CanPeng123 / Faster-ILOD

45 stars 7 forks source link

In traing file occurs some error #4

Closed eddie000000 closed 2 years ago

eddie000000 commented 3 years ago

here is my environment. I run it on colab. torch 1.1.0 torchvision 0.3.0
I run this code python /content/drive/MyDrive/FA/Faster-ILOD/tools/train_first_step.py --config-file "/content/drive/MyDrive/FA/Faster-ILOD/configs/e2e_faster_rcnn_R_50_C4_1x.yaml" then I met this problem 23

hope you can help me. Thanks.

eddie000000 commented 3 years ago
NUM_CLASSES
NAME_OLD_CLASSES
NAME_NEW_CLASSES
NAME_EXCLUDED_CLASSES

I have already modified these files

CanPeng123 commented 3 years ago

Hi,

I remember last time some people also met this problem and it seems like it is due to the environment version. Could you please change the loss_dict to loss_dict[0] and try? Hope this could help you.

Warm Regards Can

eddie000000 commented 3 years ago

Hi,

I remember last time some people also met this problem and it seems like it is due to the environment version. Could you please change the loss_dict to loss_dict[0] and try? Hope this could help you.

Warm Regards Can

Thanks a lot. It works.

eddie000000 commented 3 years ago

@CanPeng123 here is my e2e_faster_rcnn_R_50_C4_1x_Source_model.yaml image

and here is my e2e_faster_rcnn_R_50_C4_1x_Target_model.yaml image

First, I trained 15 classes. I want to train 15+1+1+1+1+1 classes. But I got this result in an incremental step. I add a new class (pottedplant). image

could you explain how to solve this problem?

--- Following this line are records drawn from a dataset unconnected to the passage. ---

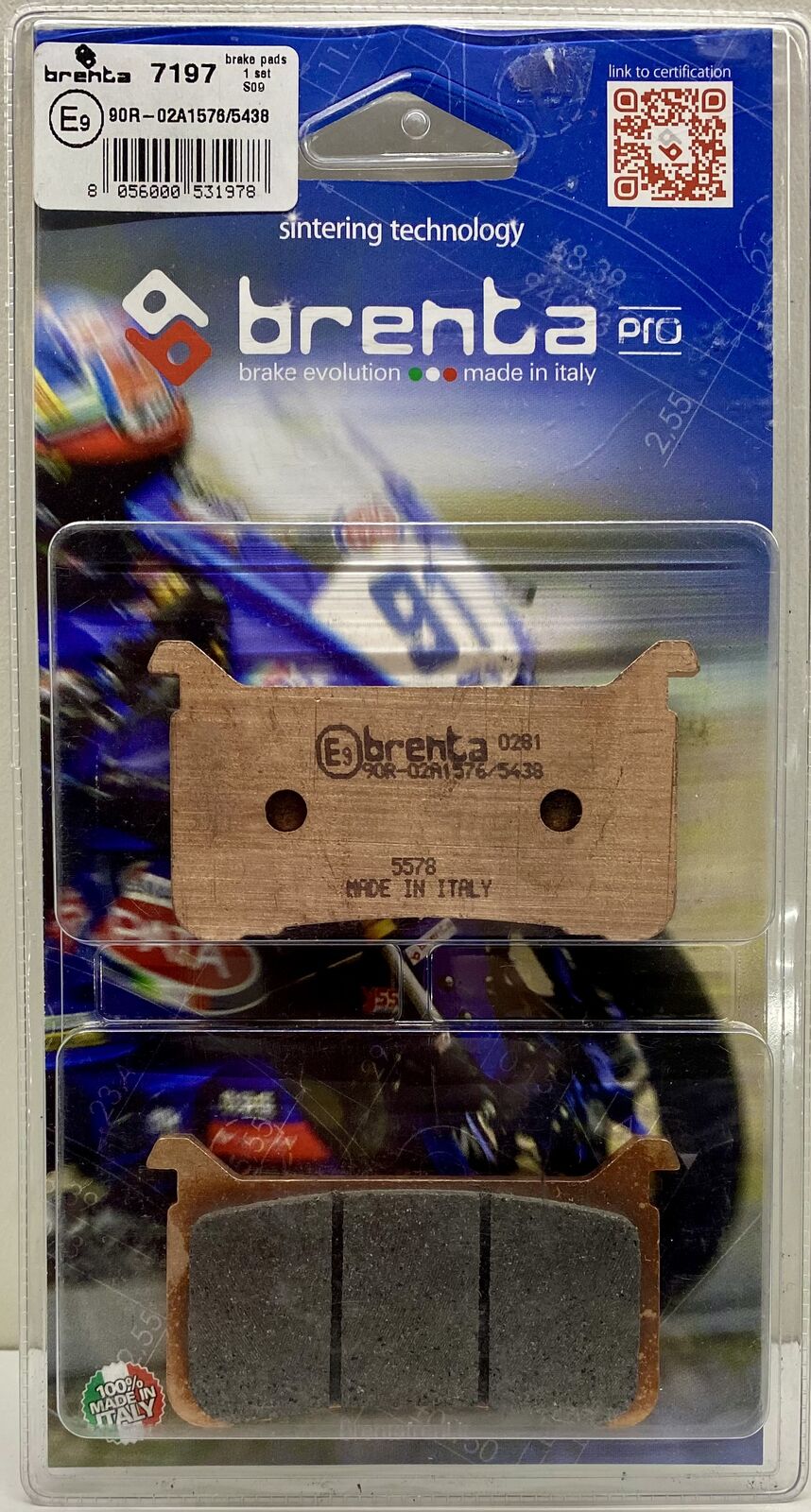 Brenta motorcycle brake pads - sintered PRO compound. This compound is specific for road and track use. The nickel-based mixture allows for excellent performance and resistance to stress. The first bite is more responsive than the sintered Series 4. The friction coefficient is between 0.5 and 0.8. The ideal operating temperature is between 200°C and 400°C. This product is ECE R90 approved.
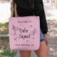 Niedliche, rosafarbene Taschen für Ihren Junggeselinnen-Abschied, die zeigen, wie sich Party in einer Cocktail-Martini-Brille sonnen, Retrostars, "Babe Squad" in einer Retro-Schrift, die Namen Ihrer Gäste und die Lage des Party oder andere Texte in schlichter moderner Typografie.
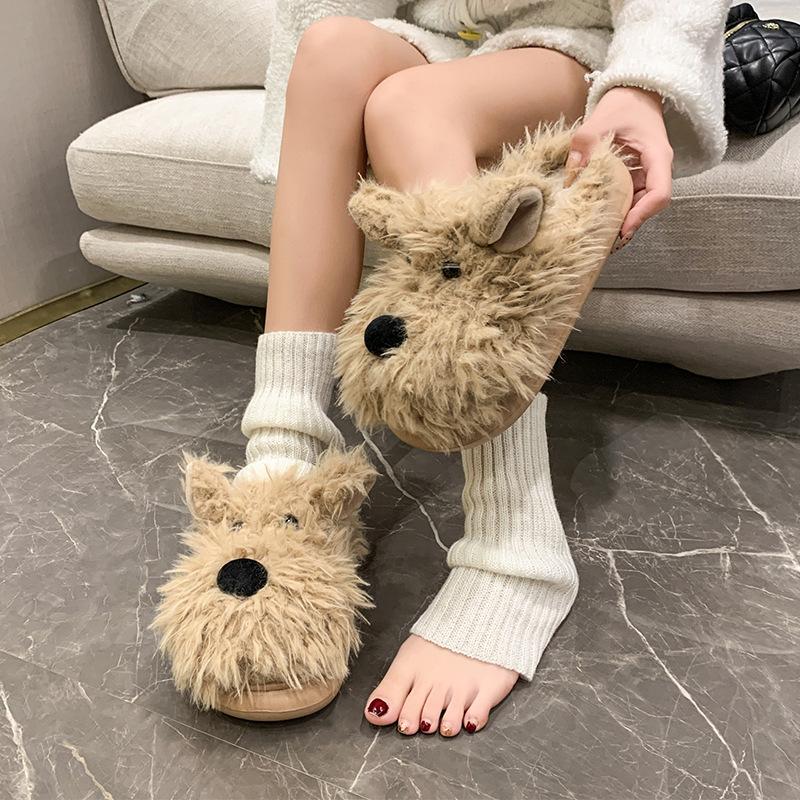 Женские тапочки-шлепанцы с мультяшным щенком, новинка сезона, супермягкие, на толстой подошве, пушистые, из махровой ткани, хлопковые, пушистые туфли
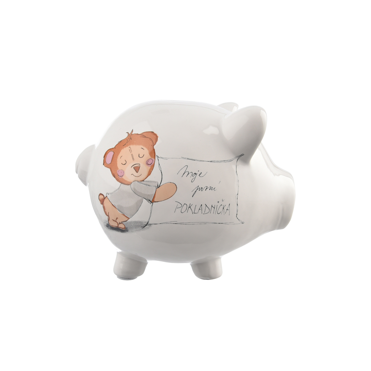 Pokladnička ker. První pokladnička bílá 10x8,5x9 cm
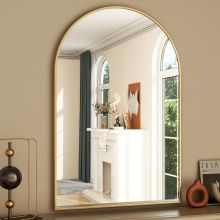 Elevate your interior with this 26x38 inch arched wall mirror that blends timeless charm with modern minimalism. The soft curve of the arch top adds a refined, elegant silhouette, while the sleek metal frame gives it a clean and contemporary finish. Perfectly sized for bathrooms, vanities, entryways, or bedrooms, this wall-mounted mirror effortlessly enhances any space with its sophisticated appeal and practical function.
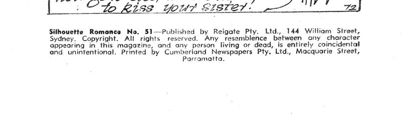Silhouette Romance No. 51 -- Published by Reigate Pty. Ltd., 144 William Street, Sydney. Copyright. All rights reserved. Any resemblence between any character appearing in this magazine, and any person living or dead, is entire.y coincidental and unintentional. Printed by Cumberland Newspapers Pty. Ltd., Macquarie Street, Parramatta.
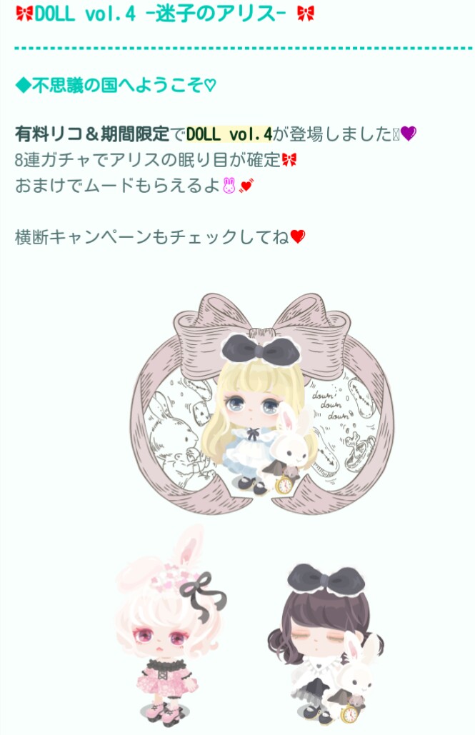 はいwでは今回は横断キャンペーンの中に組み込まれている上で更にピグパブランドとしてアリスを使ったネタの有料ガチャより「DOLL vol.4 迷子のアリス」が登場したので記録していきますね(^_-)-☆
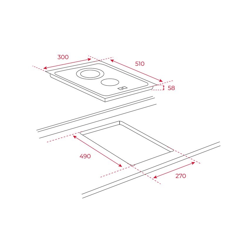 • Unter dem Kochfeld mind. 20 mm Freiraum lassen, um eine ausreichende Belüftung zu gewährleisten.

eddie000000 commented 3 years ago

After running Faster-ILOD/tools/train_first_step.py There are only these files in the dir image

Therefore, I change the weight in e2e_faster_rcnn_R_50_C4_1x_Target_model.yaml image

CanPeng123 commented 3 years ago

Hi,

Have you removed the optimization and iteration information in the pth file for the pre-trained model? Except for the model parameters, information about optimizer and iteration are all stored on the pth file. If you directly load the target model with the previously trained source model pth, the iteration information on it will be load to the target model. Then, the target model will not be trained since the required iteration steps have been matched.

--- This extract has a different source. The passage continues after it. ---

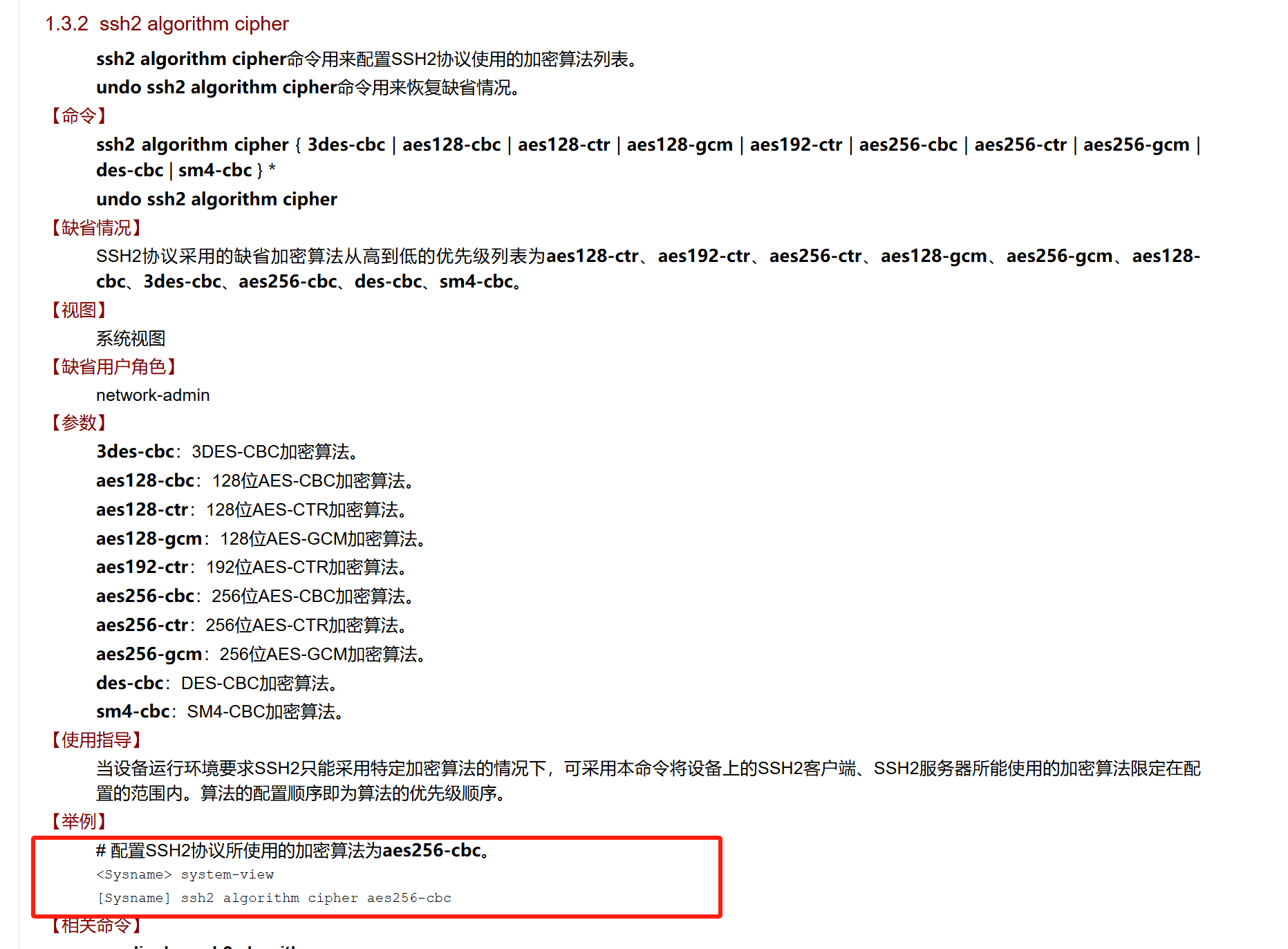 ·     aes256aes256-cbc加密算法。仅FIPS模式下支持本算法。
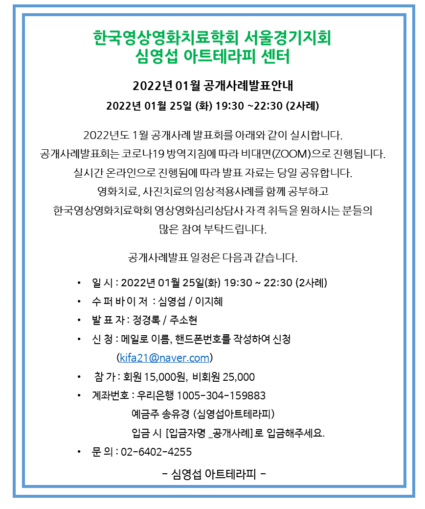 [공개사례발표] 2022.01.25(화) 19:30 ~ (zoom) 페이지 정보 작성자 최고관리자 작성일21-12-24 11:27 조회7,549회 댓글0건 이메일 kifa21@naver.com휴대폰번호 http://healingcinema.co.kr/ 관련링크 이전글 다음글 목록 본문 22년 1월 25일 공개 사례 발표가 열립니다. 신청은 메일로 접수받고 있습니다. 댓글목록 등록된 댓글이 없습니다. 이전글 다음글 목록

eddie000000 commented 3 years ago

Hi,

Have you removed the optimization and iteration information in the pth file for the pre-trained model? Except for the model parameters, information about optimizer and iteration are all stored on the pth file. If you directly load the target model with the previously trained source model pth, the iteration information on it will be load to the target model. Then, the target model will not be trained since the required iteration steps have been matched.

After I ran the train_first_step.py and I only get model_final.pth I did not remove any files in the RPN_15_classes_40k_steps folder.

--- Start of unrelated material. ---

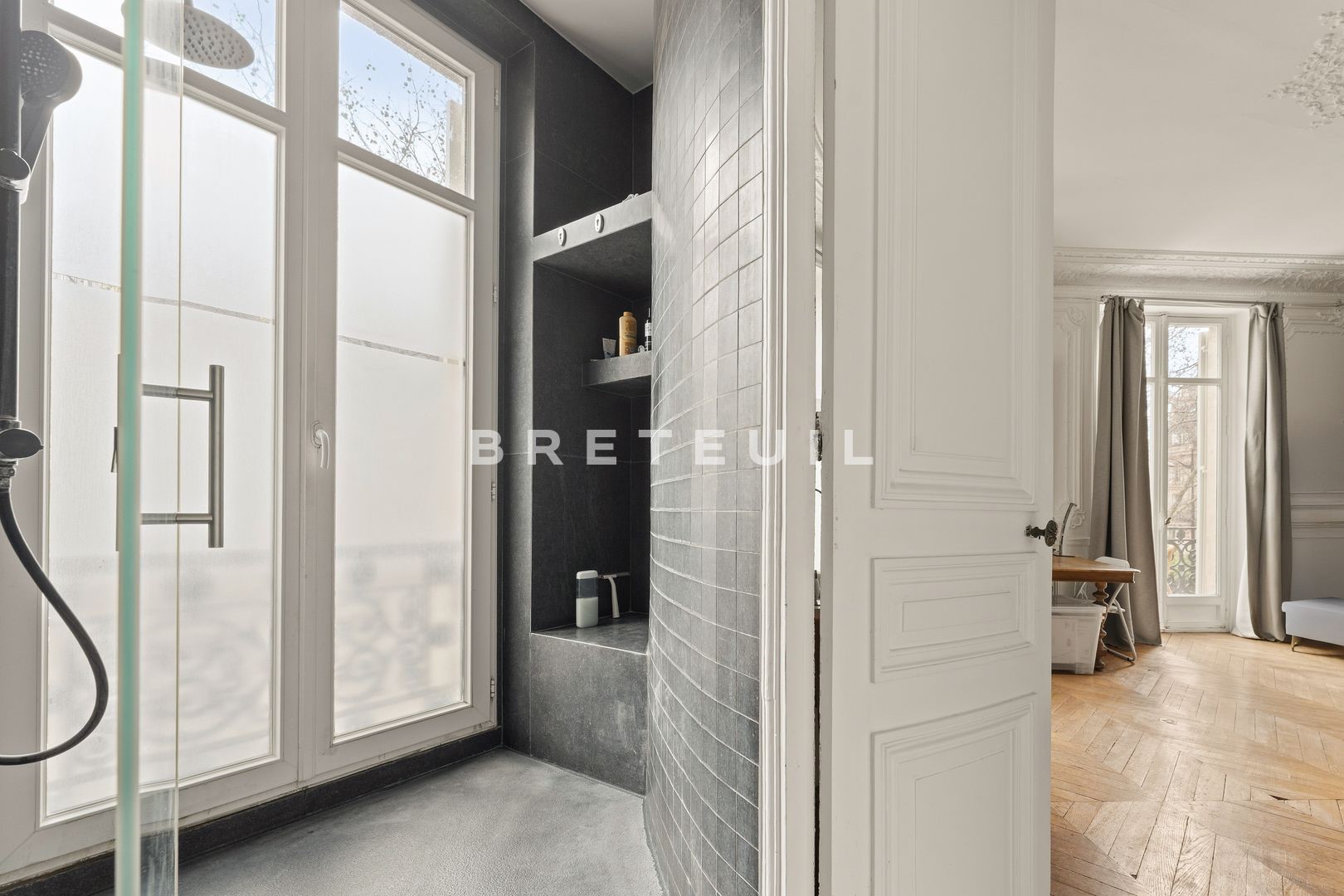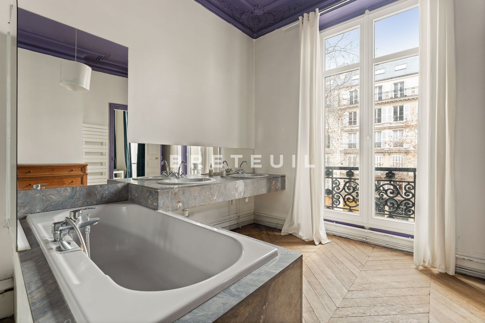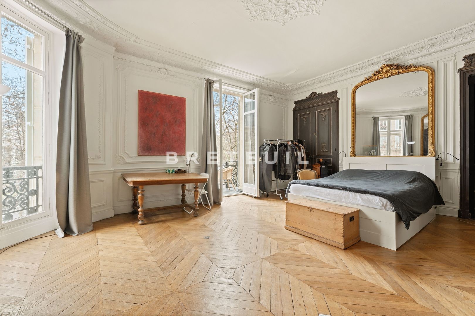 Villiers/Wagram. In a beautiful old building with live-in janitor, on the noble floor with elevator access, 196 m² family and reception apartment with unobstructed, tree-lined, unoverlooked view. Entrance hall, 57 m² double living and dining room (parquet flooring, moldings, fireplaces and 3.20 m high ceilings), adjoining open-plan kitchen, three bedrooms, one with balcony, three bathrooms, two toilets, laundry room, dressing room. Modular layout (4th bedroom possible). Large cellar. Fully renovated condominium (roof, facade, common areas, elevator).

I can't find any pth file named model_trim_optimizer_iteration.pth

CanPeng123 commented 3 years ago

Hi,

You need to remove the information about optimizer and iteration on the model_final.pth before loading it to the target model. Please take a look at the trim_detectron_model.py file.

eddie000000 commented 3 years ago

thanks for your help. I'll give it a try.

YuQianzi commented 1 year ago

@CanPeng123 Could you please give a complete training step like: https://github.com/JosephKJ/iOD/blob/main/run.sh#L1-L8.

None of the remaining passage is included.